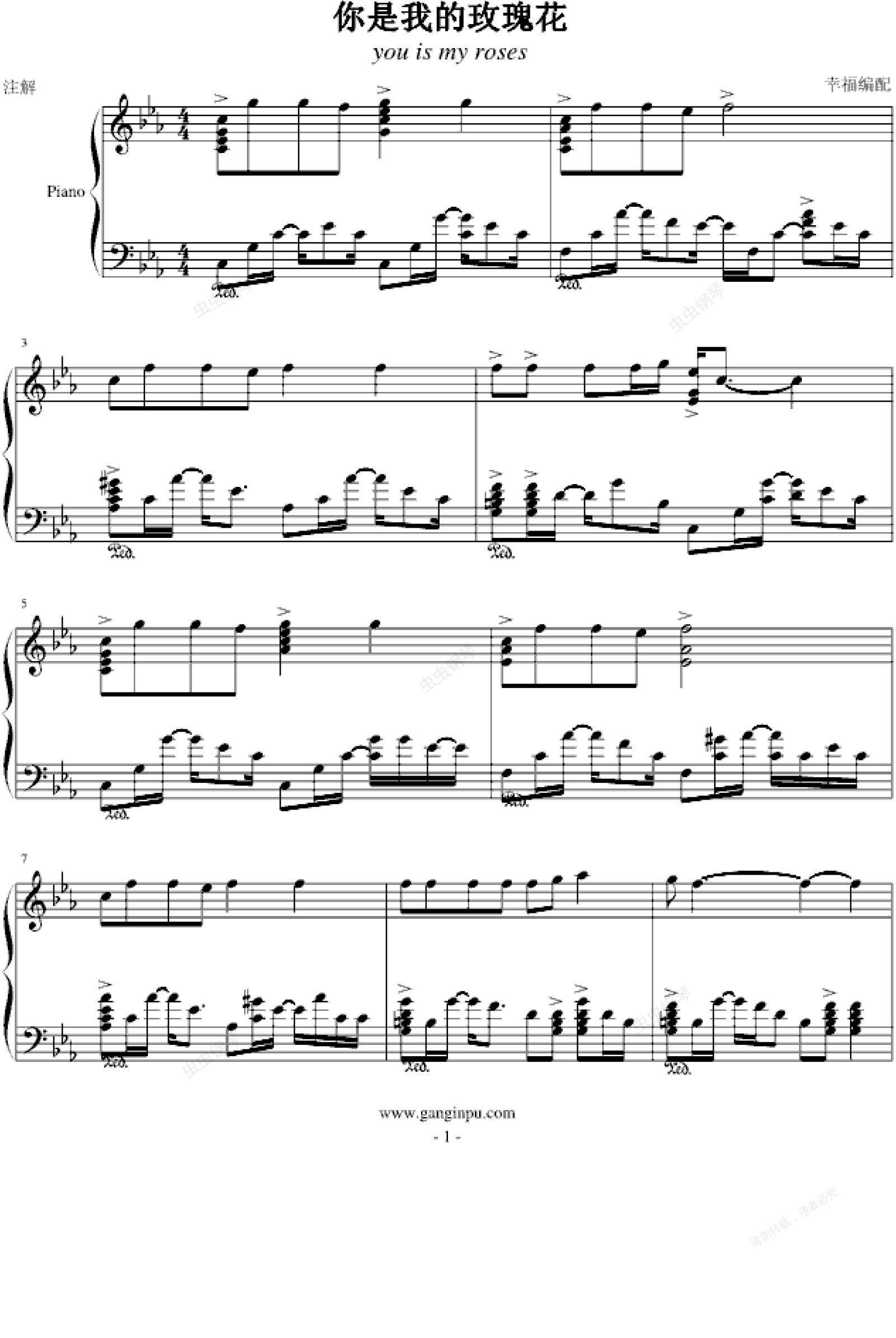 钢琴谱:你是我的玫瑰花
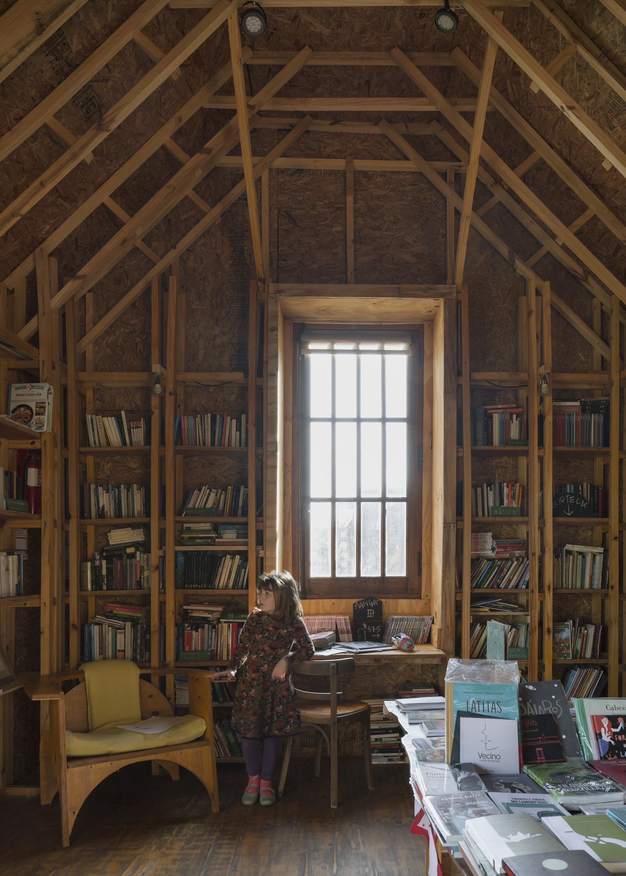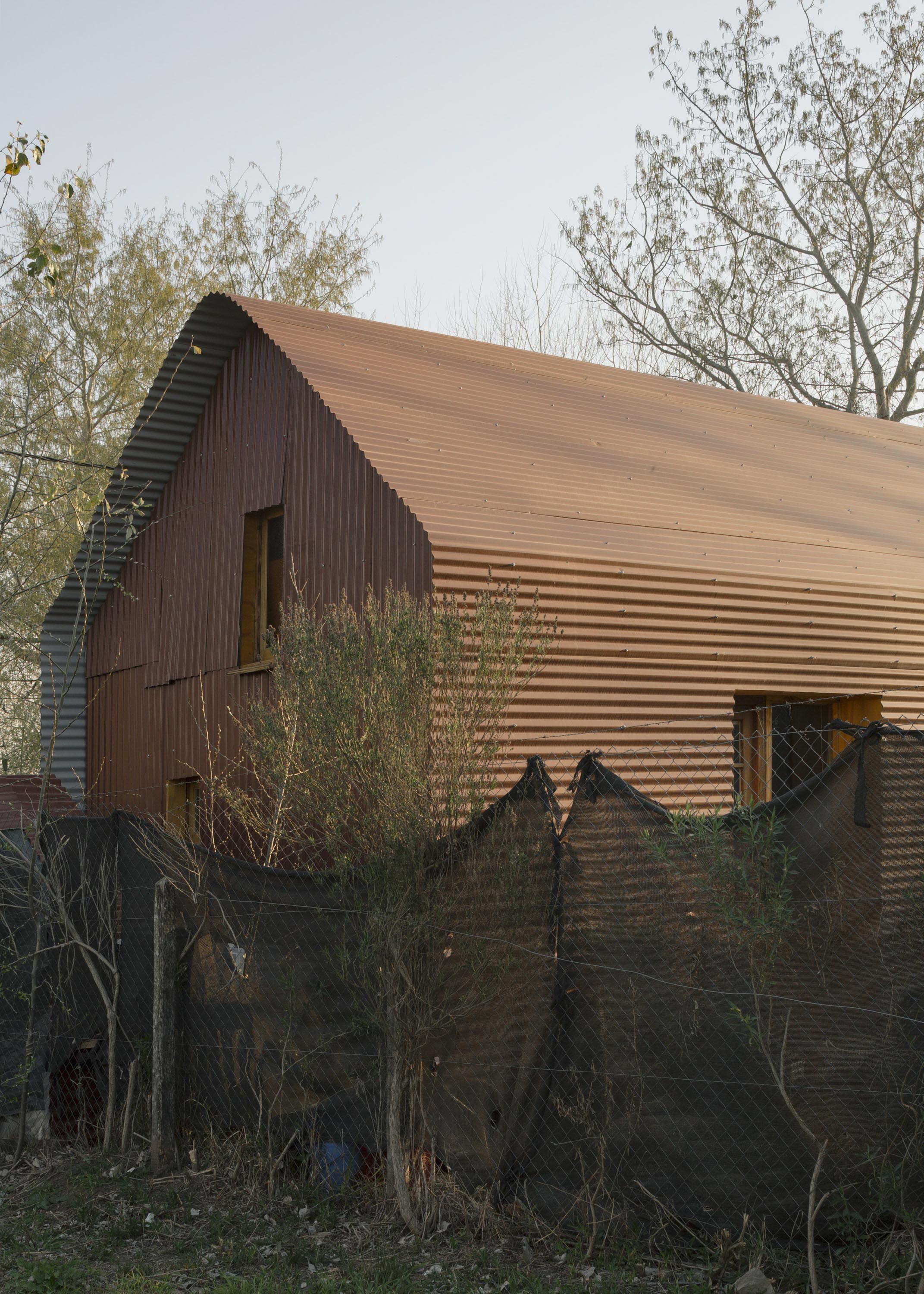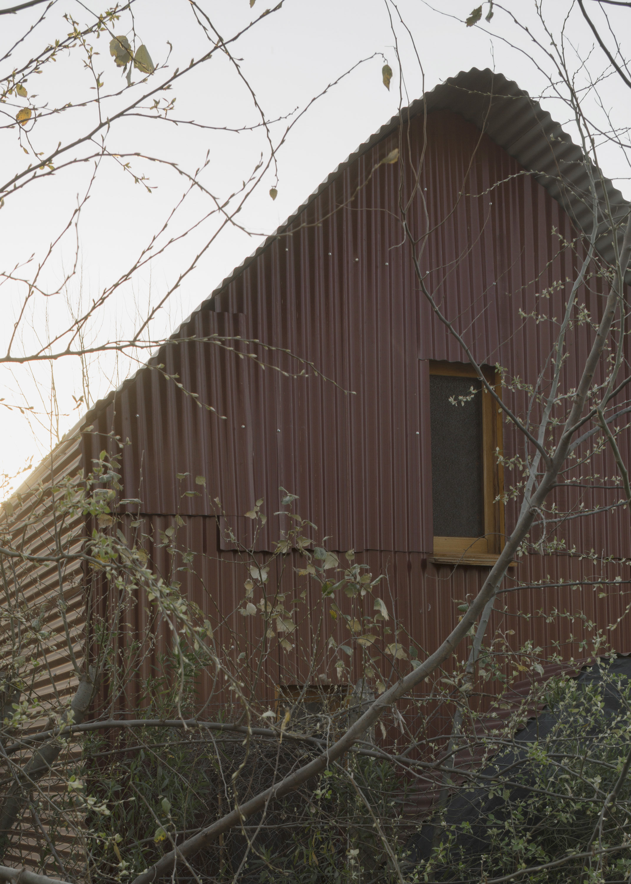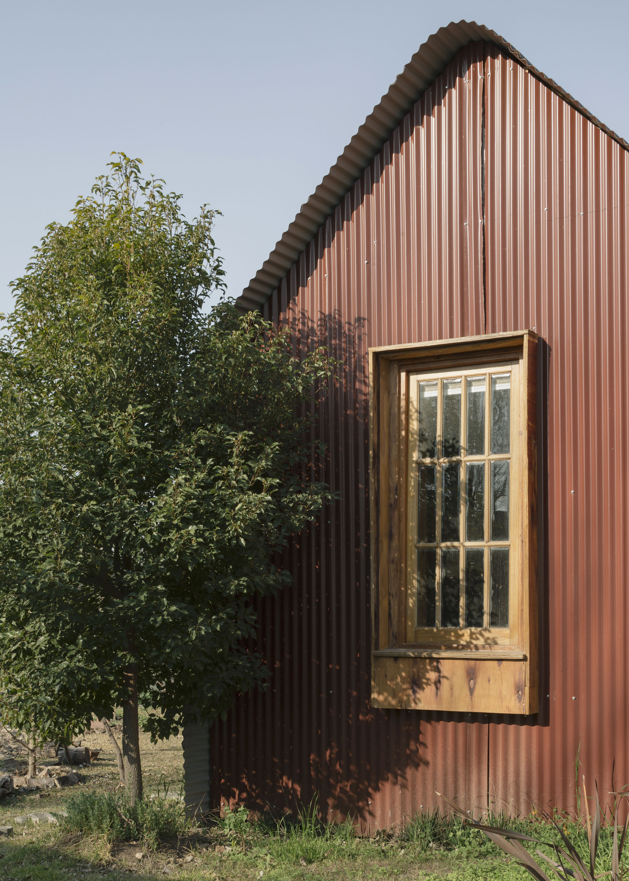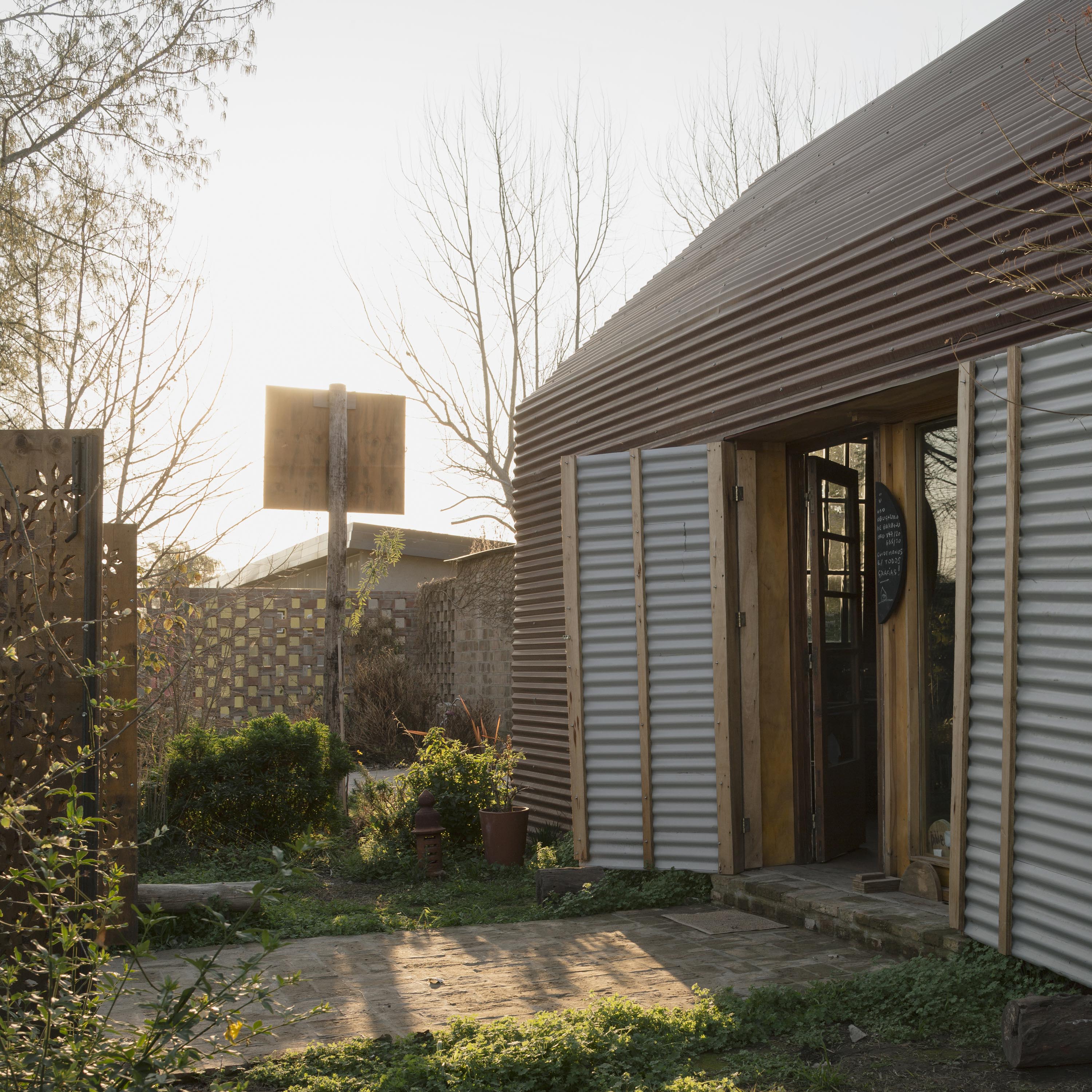 En el exterior la chapa de color rojizo se coloca de forma horizontal eliminando la necesidad de colocar cenefas y elementos de cierre. A su vez las cabriadas truncas se articulan con la chapa curvada configurando una cámara de aire ventilada en todo el desarrollo de la cumbrera mejorando considerablemente las condiciones de aislación térmica del recinto. Las aberturas se resuelven con ventanas recicladas y por tratarse de una pequeña librería y biblioteca se limitan al mínimo, controlando y filtrando la incidencia del sol directo, y ubicando, para aprovechar la luz difusa, un ventanal de mayor superficie hacia el sur. A su vez estos vanos se ubican de manera estratégica para direccionar las visuales y evitar cruzar miradas con viviendas vecinas configurando un espacio de carácter introspectivo. Al ingresar, parece el el interior de la bodega de algún barco que va en su búsqueda en altamar.
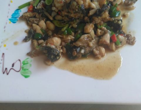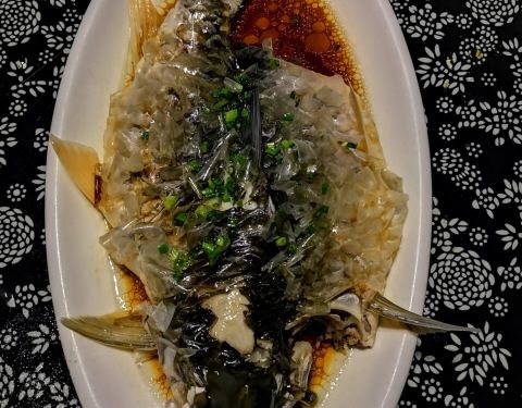 这家店是在武夷山游玩时吃过的最满意的饭店了,是一起乘坐九曲溪竹筏漂流的游客介绍给我们的。 那天在大众点评网上搜索这家店时发现竟然是歇业状态,明明是开业的啊。 开车过去很方便,门口停车场可以停十几辆车。这家店装修的很有农家乐的味道,里面是用竹子搭建的,还有一个大水车。 九曲红眼鱼是称斤卖的,58元一斤,要了条小的,1斤4两,清蒸的做法,鱼鳞是不刮的。鱼肉很嫩,味道很鲜美。 红烧肉,可能是爬武夷山累了,看见红烧肉特别有食欲,一盘浓油赤酱的红烧肉,煮的很入味很香,肥瘦相间,瘦肉不少。 当地特产子孙菜,辣椒放多了,好辣,子孙菜味道有点像西葫芦。 点了手工甩饼当主食,有点像印度飞饼,很香很脆。 两个人吃的很撑,很满足的一餐。

Exercise objective: Transcribe all the lines above exactly, apart from the pictures.

Task response:
 钢琴谱:你是我的玫瑰花
 En el exterior la chapa de color rojizo se coloca de forma horizontal eliminando la necesidad de colocar cenefas y elementos de cierre. A su vez las cabriadas truncas se articulan con la chapa curvada configurando una cámara de aire ventilada en todo el desarrollo de la cumbrera mejorando considerablemente las condiciones de aislación térmica del recinto. Las aberturas se resuelven con ventanas recicladas y por tratarse de una pequeña librería y biblioteca se limitan al mínimo, controlando y filtrando la incidencia del sol directo, y ubicando, para aprovechar la luz difusa, un ventanal de mayor superficie hacia el sur. A su vez estos vanos se ubican de manera estratégica para direccionar las visuales y evitar cruzar miradas con viviendas vecinas configurando un espacio de carácter introspectivo. Al ingresar, parece el el interior de la bodega de algún barco que va en su búsqueda en altamar.
 这家店是在武夷山游玩时吃过的最满意的饭店了,是一起乘坐九曲溪竹筏漂流的游客介绍给我们的。 那天在大众点评网上搜索这家店时发现竟然是歇业状态,明明是开业的啊。 开车过去很方便,门口停车场可以停十几辆车。这家店装修的很有农家乐的味道,里面是用竹子搭建的,还有一个大水车。 九曲红眼鱼是称斤卖的,58元一斤,要了条小的,1斤4两,清蒸的做法,鱼鳞是不刮的。鱼肉很嫩,味道很鲜美。 红烧肉,可能是爬武夷山累了,看见红烧肉特别有食欲,一盘浓油赤酱的红烧肉,煮的很入味很香,肥瘦相间,瘦肉不少。 当地特产子孙菜,辣椒放多了,好辣,子孙菜味道有点像西葫芦。 点了手工甩饼当主食,有点像印度飞饼,很香很脆。 两个人吃的很撑,很满足的一餐。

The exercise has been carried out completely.